"""

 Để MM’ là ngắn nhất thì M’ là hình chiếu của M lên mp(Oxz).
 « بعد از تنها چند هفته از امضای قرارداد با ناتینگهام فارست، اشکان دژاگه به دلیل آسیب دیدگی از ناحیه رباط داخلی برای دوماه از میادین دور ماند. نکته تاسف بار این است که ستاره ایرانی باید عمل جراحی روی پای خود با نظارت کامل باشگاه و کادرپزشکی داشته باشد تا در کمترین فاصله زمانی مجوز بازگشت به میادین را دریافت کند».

"""
"""

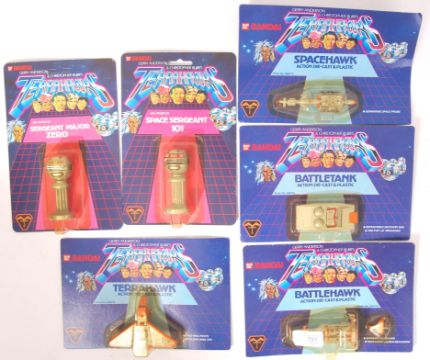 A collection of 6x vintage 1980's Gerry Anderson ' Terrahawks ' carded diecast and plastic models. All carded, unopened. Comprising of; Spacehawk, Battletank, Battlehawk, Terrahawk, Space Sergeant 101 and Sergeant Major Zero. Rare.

"""

What you need to do
Copy back the listing above exactly, but only from the line with "Để MM’ là ngắn" through the line with "بعد از تنها", both ends included.

Solution to this task
 Để MM’ là ngắn nhất thì M’ là hình chiếu của M lên mp(Oxz).
 « بعد از تنها چند هفته از امضای قرارداد با ناتینگهام فارست، اشکان دژاگه به دلیل آسیب دیدگی از ناحیه رباط داخلی برای دوماه از میادین دور ماند. نکته تاسف بار این است که ستاره ایرانی باید عمل جراحی روی پای خود با نظارت کامل باشگاه و کادرپزشکی داشته باشد تا در کمترین فاصله زمانی مجوز بازگشت به میادین را دریافت کند».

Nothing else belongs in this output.